## Requirement
Pictures excluded, retype the lines from the one containing "中国石油天然气股份有限公司广东汕头关埠油库安全现状评价报告" through the last line of the data below, both included.

─── Excerpted data

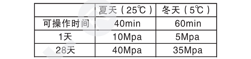 3、 超級(jí)早強(qiáng):本品在夏天6小時(shí)后可開放人行,12小時(shí)后可開放交通;冬天低溫時(shí),24小時(shí)可開放人 行,48小時(shí)可承受車行運(yùn)輸。
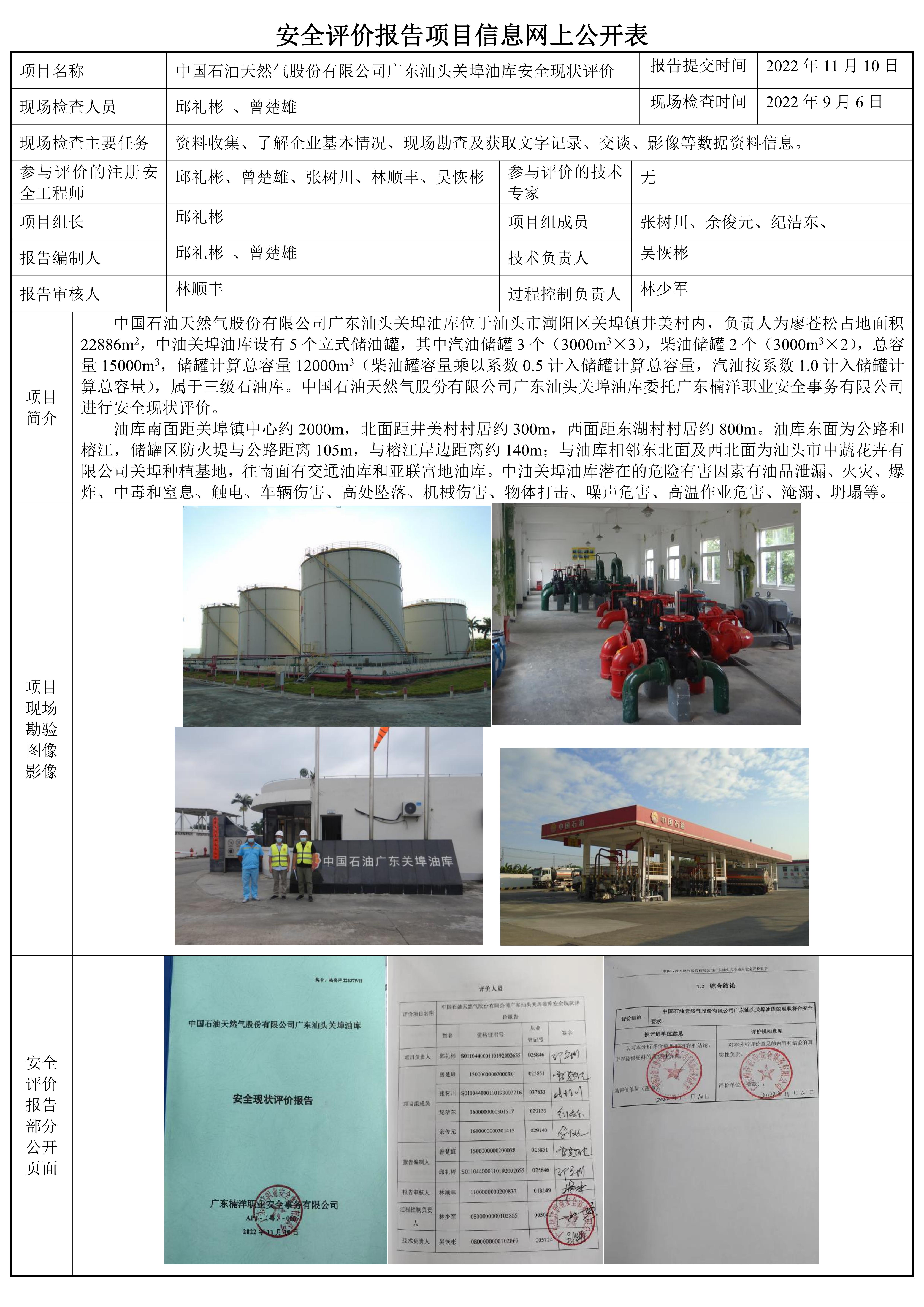 中国石油天然气股份有限公司广东汕头关埠油库安全现状评价报告
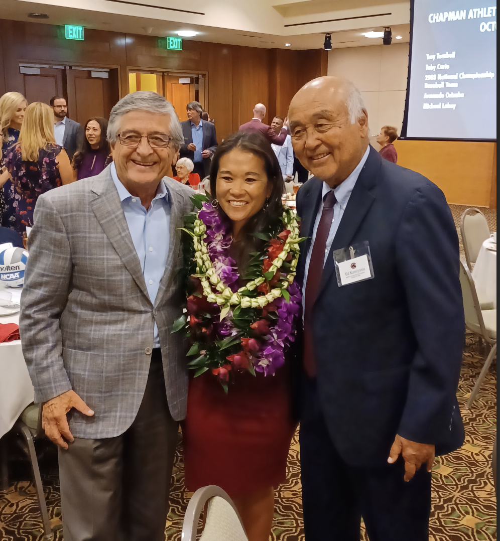 Lauren Kamiyama, who recovered through three torn ACL’s, the last when she was a sophomore at Chapman University, is pictured with her chiropractor Carlos Prieto (left) and her father, Ed Kamiyama last Friday night as Lauren was inducted into Chapman’s Hall of Fame.
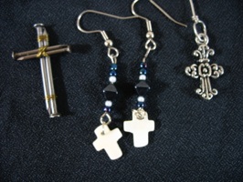 The cross on the left is made by wrapping brass wire around 4 nails. The earrings in the middle were made from beads purchased at hundred yen stores. I also found the cross earring on the right at a hundred yen store.
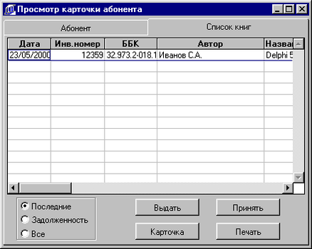 В качестве элементов фильтра используется уникальный код читателя таблицы Abonents.
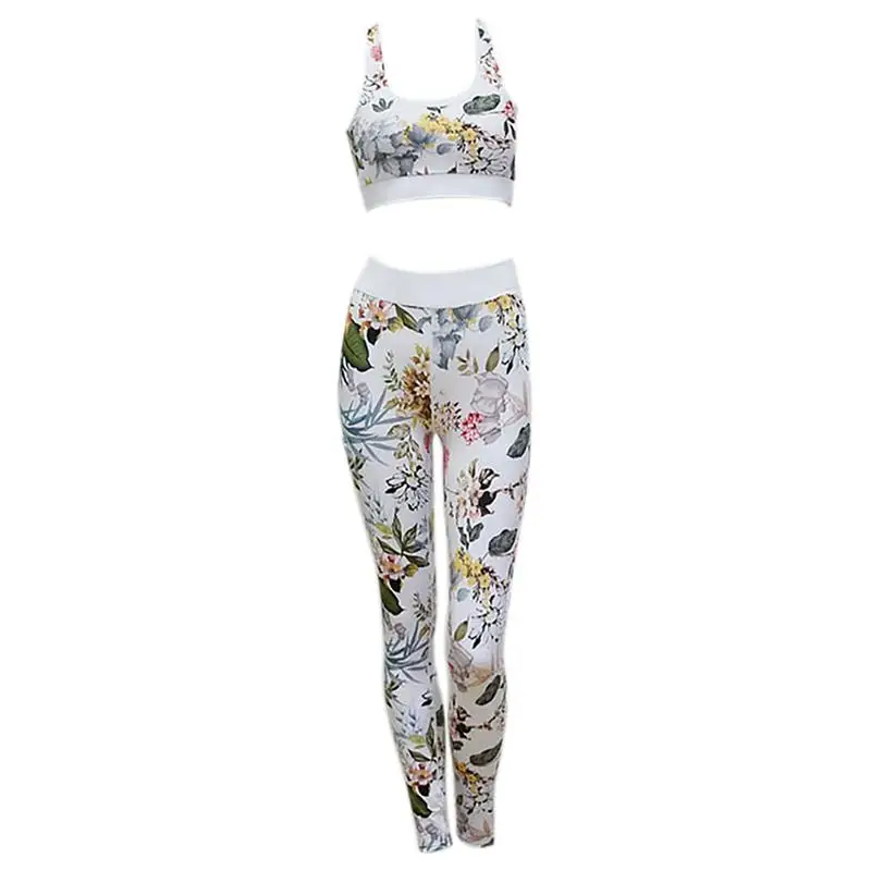 Women's Yoga Sets Fitness Mesh Flora Print Leggings Sport Set Breathable Gym Running Workout Suit Set For Jogging Drop shipping
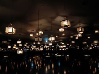 真っ暗闇の中に、宮殿の軒先に吊り下がっているような四角いガラスランプがゆったりと上下に揺れており、とても幻想的でした。
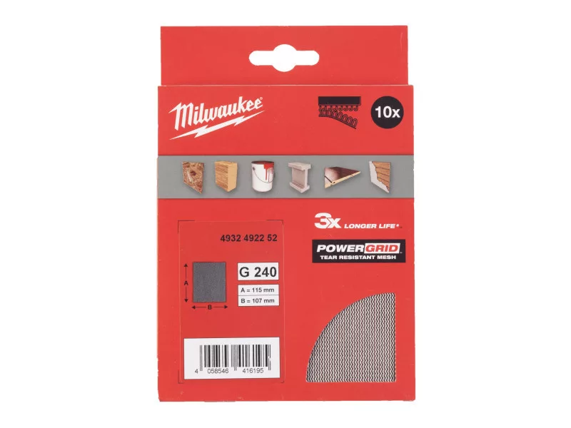 MILWAUKEE Klett-Schleifnetz PG 115 x 107 mm / P240 (10 Stück)
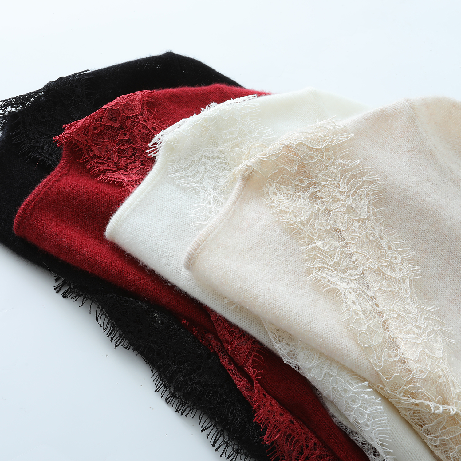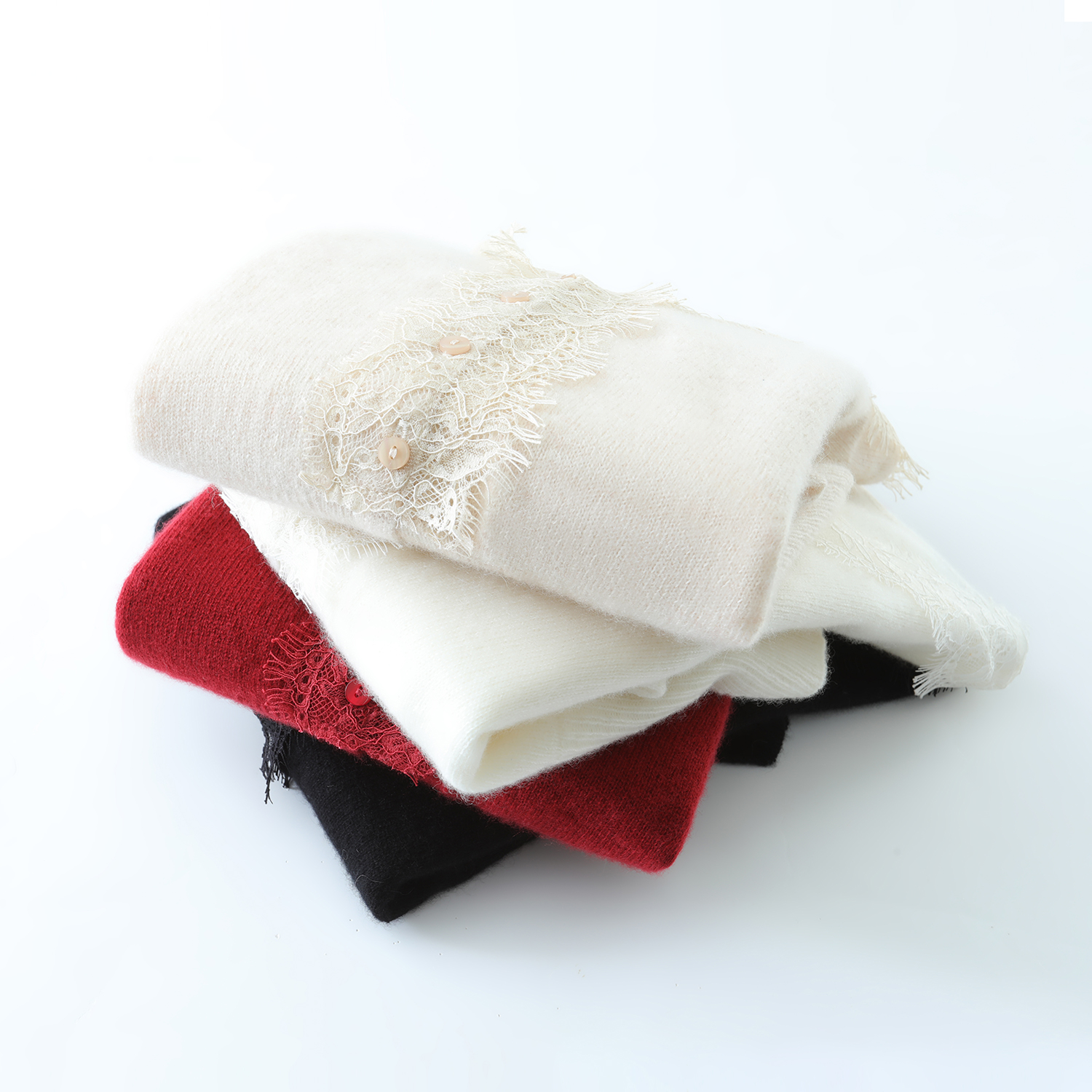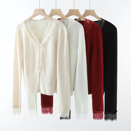 开衫柔软保暖羊绒衫V领蕾丝开衫
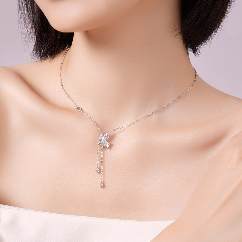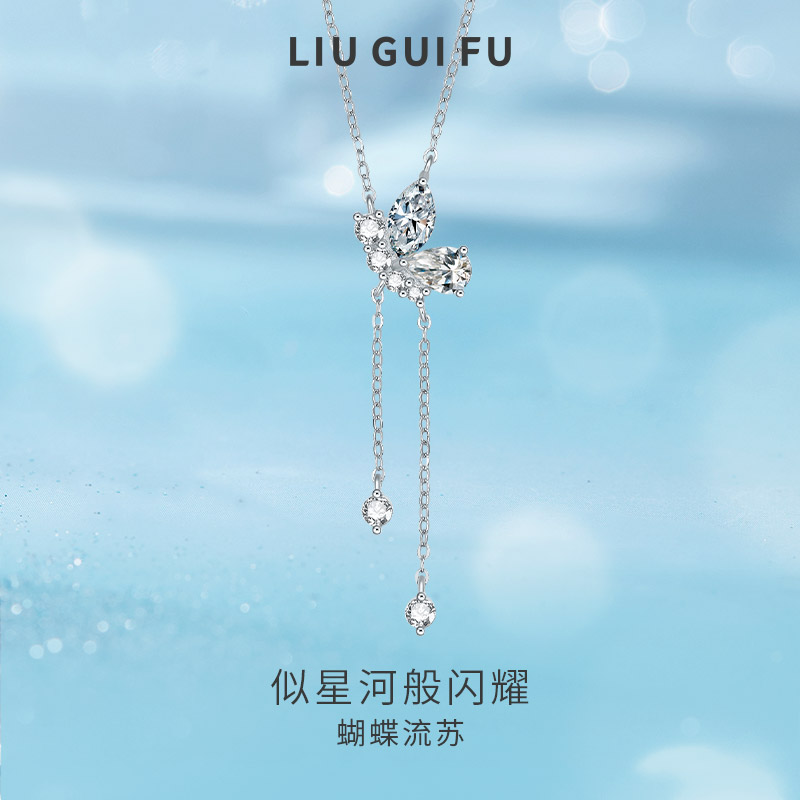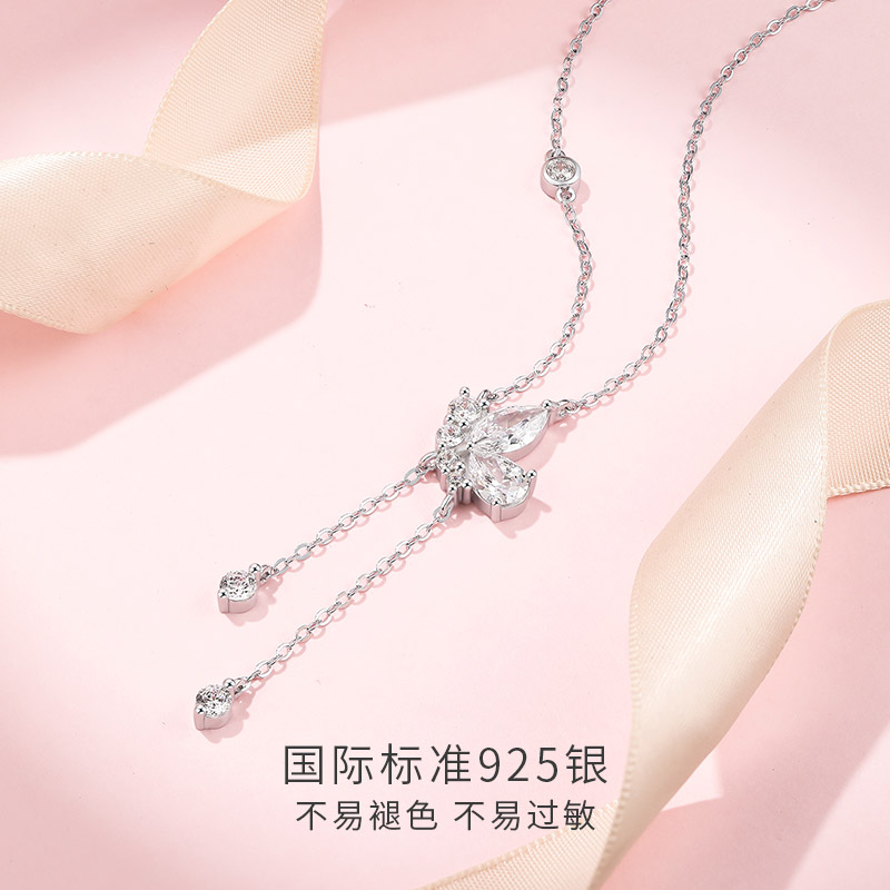 六桂福蝴蝶流苏项链925纯银女轻奢小众高级感套链颈链锁骨链送礼

──────

## Output below
 中国石油天然气股份有限公司广东汕头关埠油库安全现状评价报告
 Lauren Kamiyama, who recovered through three torn ACL’s, the last when she was a sophomore at Chapman University, is pictured with her chiropractor Carlos Prieto (left) and her father, Ed Kamiyama last Friday night as Lauren was inducted into Chapman’s Hall of Fame.
 The cross on the left is made by wrapping brass wire around 4 nails. The earrings in the middle were made from beads purchased at hundred yen stores. I also found the cross earring on the right at a hundred yen store.
 В качестве элементов фильтра используется уникальный код читателя таблицы Abonents.
 Women's Yoga Sets Fitness Mesh Flora Print Leggings Sport Set Breathable Gym Running Workout Suit Set For Jogging Drop shipping
 真っ暗闇の中に、宮殿の軒先に吊り下がっているような四角いガラスランプがゆったりと上下に揺れており、とても幻想的でした。
 MILWAUKEE Klett-Schleifnetz PG 115 x 107 mm / P240 (10 Stück)
 开衫柔软保暖羊绒衫V领蕾丝开衫
 六桂福蝴蝶流苏项链925纯银女轻奢小众高级感套链颈链锁骨链送礼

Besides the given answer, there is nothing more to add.